А Елена-то Петровна, тихоня, серая мышка! Удивила! Вышла каким-то образом на Гришина. Любопытно, кто ей помог? Гришину патрончик продал ее зять. Значит, Серегин получил капитальную отставку. А зять работает водителем в горбыткомбинате. Получается, что на мое золото вышли еще два посторонних лица: зять Кудрявцевой и Гришин. Это хуже, это намного хуже, потому что, как гласит, кажется, восточная мудрость, тайна, известная хотя бы двоим, уже не тайна. Чем уже круг знающих о золоте, тем лучше для меня. А теперь мне надо опередить Гришина. Какую он цену предложил? Какой суммой располагает? Ведь у Кудрявцевой, насколько я помню, оставалось еще граммов шестьсот. По двадцать рублей за грамм — это двенадцать тысяч. Для меня — семечки. А если по сорок — это уже серьезно, это двадцать четыре тысячи. Нет, я предложу по тридцать рублей, и ни копейкой больше. Восемнадцать тысяч — это очень солидно. Да и куда вам, Елена Петровна, сразу столько денег? Солить, что ли? Машина у вас есть, впрочем, машины у нее нет. Ну, ладно, купит она себе машину, построит гараж, но для этого нужно время, месяц, а то и два. А там посмотрим, там мы у вас еще купим. А Гришина я найду и скажу, что золотой патрончик у Кудрявцевой — это случайность. Или нет, лучше я напугаю его, я его очень просто отважу от этого золота: я скажу ему, что Кудрявцева — подсадная утка и тебя, дорогой, просто проверяют на вшивость. И Гришин, тертый калач, сразу отпадет наверняка.

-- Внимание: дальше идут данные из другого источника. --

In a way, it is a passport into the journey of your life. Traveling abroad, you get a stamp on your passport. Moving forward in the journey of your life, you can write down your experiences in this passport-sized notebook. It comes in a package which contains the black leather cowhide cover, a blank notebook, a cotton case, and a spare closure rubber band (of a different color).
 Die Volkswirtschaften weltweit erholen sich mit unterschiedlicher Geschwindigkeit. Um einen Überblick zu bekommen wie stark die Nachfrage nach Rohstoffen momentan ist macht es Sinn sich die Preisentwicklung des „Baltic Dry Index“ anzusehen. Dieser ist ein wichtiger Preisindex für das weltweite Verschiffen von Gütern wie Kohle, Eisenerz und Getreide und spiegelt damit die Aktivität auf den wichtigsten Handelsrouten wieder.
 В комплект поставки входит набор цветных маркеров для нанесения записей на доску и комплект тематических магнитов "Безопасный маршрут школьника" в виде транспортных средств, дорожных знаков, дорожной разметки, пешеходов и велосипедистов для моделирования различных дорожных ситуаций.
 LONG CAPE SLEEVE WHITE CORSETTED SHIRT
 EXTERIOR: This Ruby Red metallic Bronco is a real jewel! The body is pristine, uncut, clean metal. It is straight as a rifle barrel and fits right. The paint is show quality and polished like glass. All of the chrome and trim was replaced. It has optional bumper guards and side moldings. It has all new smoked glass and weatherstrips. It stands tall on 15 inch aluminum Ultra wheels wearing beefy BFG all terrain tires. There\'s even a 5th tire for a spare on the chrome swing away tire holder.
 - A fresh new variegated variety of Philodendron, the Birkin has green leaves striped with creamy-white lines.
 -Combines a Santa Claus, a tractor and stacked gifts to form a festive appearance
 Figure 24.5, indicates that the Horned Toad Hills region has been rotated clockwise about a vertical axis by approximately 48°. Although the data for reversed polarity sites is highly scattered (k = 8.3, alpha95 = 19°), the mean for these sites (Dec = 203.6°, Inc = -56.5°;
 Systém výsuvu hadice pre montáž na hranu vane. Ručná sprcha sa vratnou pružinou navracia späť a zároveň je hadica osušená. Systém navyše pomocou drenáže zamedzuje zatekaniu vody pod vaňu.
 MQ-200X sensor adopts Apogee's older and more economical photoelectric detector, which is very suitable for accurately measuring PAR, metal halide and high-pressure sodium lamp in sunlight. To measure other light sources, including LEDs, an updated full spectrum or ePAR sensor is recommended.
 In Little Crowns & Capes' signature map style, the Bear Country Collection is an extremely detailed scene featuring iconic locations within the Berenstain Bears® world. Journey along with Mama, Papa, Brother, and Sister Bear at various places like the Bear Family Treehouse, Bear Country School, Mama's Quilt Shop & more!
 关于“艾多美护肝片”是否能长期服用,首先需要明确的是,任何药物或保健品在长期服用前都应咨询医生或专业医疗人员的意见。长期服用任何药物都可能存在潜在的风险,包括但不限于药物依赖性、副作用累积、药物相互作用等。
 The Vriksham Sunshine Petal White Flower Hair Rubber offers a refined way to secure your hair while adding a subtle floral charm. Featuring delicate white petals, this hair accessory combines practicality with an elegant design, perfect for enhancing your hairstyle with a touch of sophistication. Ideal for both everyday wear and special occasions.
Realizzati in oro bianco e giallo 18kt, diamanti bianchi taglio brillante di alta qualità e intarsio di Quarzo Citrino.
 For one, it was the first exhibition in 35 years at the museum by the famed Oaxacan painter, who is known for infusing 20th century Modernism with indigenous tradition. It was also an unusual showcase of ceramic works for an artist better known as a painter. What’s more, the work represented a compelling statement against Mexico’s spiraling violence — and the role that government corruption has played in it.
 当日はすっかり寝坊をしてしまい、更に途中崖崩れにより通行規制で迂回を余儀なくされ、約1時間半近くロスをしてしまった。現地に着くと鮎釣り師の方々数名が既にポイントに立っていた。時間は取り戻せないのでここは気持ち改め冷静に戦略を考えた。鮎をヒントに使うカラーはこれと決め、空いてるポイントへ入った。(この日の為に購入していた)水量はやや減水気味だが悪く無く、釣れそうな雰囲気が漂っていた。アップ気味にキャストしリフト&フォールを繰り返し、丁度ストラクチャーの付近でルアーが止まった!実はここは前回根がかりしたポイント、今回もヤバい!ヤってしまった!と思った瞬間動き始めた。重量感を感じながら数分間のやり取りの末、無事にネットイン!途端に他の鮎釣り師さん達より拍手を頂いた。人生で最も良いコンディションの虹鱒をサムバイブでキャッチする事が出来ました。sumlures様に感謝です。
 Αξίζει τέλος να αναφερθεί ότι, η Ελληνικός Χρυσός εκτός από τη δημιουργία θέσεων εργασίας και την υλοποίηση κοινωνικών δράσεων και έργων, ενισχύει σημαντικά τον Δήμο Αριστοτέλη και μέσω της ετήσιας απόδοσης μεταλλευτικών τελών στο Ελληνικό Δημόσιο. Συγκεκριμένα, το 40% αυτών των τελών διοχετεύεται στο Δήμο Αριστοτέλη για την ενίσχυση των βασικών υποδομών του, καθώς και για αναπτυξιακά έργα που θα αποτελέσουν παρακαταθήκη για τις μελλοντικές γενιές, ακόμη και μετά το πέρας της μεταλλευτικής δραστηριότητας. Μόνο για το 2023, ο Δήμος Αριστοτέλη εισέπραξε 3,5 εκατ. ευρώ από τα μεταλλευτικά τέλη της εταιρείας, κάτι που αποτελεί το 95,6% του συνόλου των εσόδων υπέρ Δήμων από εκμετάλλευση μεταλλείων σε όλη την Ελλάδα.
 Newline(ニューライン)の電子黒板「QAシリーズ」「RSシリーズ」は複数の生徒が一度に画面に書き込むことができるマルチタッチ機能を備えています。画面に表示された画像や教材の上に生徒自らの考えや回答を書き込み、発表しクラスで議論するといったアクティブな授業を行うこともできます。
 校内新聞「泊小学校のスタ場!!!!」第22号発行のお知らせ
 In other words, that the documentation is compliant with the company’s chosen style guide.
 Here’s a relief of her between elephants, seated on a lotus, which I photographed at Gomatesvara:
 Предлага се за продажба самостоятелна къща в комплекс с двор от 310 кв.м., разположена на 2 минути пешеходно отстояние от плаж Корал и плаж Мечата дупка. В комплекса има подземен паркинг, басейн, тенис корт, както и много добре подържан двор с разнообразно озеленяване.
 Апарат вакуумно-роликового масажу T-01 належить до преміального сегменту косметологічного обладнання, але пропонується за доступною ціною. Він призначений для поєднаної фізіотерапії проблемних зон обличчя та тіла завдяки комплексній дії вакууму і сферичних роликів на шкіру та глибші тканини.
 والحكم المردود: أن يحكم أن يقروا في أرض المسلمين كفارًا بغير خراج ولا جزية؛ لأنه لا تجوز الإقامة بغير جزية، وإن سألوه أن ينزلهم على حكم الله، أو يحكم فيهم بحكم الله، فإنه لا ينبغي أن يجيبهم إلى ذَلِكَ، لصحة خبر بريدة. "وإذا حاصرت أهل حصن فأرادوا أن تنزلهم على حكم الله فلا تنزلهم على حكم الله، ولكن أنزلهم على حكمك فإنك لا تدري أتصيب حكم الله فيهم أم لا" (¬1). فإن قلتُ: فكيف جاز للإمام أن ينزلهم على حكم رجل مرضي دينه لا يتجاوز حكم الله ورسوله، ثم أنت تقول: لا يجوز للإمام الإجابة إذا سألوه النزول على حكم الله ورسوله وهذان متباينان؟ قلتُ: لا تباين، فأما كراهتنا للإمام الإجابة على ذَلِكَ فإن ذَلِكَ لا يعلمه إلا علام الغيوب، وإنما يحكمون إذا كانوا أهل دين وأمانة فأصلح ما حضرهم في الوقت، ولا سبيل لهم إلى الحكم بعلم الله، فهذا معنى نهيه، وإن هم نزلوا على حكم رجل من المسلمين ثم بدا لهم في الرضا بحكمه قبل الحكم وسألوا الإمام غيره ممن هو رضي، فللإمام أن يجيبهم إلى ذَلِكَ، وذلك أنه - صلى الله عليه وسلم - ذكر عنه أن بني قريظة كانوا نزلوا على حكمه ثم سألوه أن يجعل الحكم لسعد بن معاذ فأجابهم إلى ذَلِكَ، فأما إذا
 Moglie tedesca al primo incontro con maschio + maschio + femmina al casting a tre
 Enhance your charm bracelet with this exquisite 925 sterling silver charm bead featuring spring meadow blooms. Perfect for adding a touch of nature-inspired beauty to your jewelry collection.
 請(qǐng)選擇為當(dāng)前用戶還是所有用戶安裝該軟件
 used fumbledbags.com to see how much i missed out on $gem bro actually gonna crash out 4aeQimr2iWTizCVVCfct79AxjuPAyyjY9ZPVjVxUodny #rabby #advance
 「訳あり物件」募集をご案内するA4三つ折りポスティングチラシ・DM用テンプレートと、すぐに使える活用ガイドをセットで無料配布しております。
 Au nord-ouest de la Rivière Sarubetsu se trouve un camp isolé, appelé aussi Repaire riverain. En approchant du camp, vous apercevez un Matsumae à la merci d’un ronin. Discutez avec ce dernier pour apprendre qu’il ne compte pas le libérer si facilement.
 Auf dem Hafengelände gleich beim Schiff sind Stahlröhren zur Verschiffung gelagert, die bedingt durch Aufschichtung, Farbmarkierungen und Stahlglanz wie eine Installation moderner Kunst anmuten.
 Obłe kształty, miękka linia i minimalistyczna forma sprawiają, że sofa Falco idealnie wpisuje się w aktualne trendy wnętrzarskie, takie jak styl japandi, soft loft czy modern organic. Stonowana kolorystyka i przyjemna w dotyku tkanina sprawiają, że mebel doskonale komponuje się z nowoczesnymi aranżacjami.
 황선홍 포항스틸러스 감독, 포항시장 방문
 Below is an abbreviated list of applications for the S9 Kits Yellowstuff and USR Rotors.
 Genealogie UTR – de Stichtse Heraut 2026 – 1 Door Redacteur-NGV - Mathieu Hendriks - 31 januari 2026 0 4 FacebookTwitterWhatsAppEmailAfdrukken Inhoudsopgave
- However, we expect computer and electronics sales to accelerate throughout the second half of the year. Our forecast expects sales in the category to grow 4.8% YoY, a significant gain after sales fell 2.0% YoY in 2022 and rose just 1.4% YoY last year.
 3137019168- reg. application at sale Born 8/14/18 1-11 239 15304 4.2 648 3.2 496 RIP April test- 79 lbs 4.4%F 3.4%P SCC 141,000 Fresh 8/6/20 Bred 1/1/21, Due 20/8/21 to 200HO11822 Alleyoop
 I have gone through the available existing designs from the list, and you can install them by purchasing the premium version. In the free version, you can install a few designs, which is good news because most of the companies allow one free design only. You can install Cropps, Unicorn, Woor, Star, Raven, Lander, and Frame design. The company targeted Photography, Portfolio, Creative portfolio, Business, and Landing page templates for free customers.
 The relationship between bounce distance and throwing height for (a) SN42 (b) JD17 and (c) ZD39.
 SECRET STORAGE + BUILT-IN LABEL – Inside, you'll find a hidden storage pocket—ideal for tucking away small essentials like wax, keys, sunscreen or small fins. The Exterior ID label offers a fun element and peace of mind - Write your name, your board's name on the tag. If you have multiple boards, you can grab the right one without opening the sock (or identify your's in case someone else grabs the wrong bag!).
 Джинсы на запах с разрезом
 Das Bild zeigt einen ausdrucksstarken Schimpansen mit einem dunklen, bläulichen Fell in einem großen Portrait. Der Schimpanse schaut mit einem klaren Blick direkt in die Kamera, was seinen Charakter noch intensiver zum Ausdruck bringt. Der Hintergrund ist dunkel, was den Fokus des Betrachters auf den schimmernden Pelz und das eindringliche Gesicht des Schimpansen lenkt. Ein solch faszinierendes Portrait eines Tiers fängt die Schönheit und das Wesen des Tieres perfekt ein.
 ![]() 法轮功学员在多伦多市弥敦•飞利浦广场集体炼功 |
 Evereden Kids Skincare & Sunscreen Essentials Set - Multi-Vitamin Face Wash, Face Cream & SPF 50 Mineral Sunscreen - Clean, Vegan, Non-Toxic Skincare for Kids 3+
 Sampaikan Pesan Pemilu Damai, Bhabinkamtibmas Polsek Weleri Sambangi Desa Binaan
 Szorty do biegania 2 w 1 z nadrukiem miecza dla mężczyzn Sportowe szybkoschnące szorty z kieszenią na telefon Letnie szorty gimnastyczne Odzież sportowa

После этого мне надо будет вплотную заняться Серегиным. Уважаемому Василию Митрофановичу тоже надо напрочь отрезать путь к золотой жиле. Здесь придется искать варианты. Возможно, я смогу использовать вариант Эдгара Пашутина. В тот раз, три года назад, я ничего не подстраивал, судьба сама распорядилась так, чтобы он разбился. Ну а теперь мне сам бог велел воспользоваться крутым поворотом Пашутина. Правда, машина у этого Василия Серегина новенькая, моя, но ведь в ней можно и нужно незаметно для него покопаться, и он автоматически не впишется в поворот. А перед этим поспорить с ним на хорошую сумму. Мужик он наверняка жадный и недалекий, должен клюнуть на такую приманку. Обязан!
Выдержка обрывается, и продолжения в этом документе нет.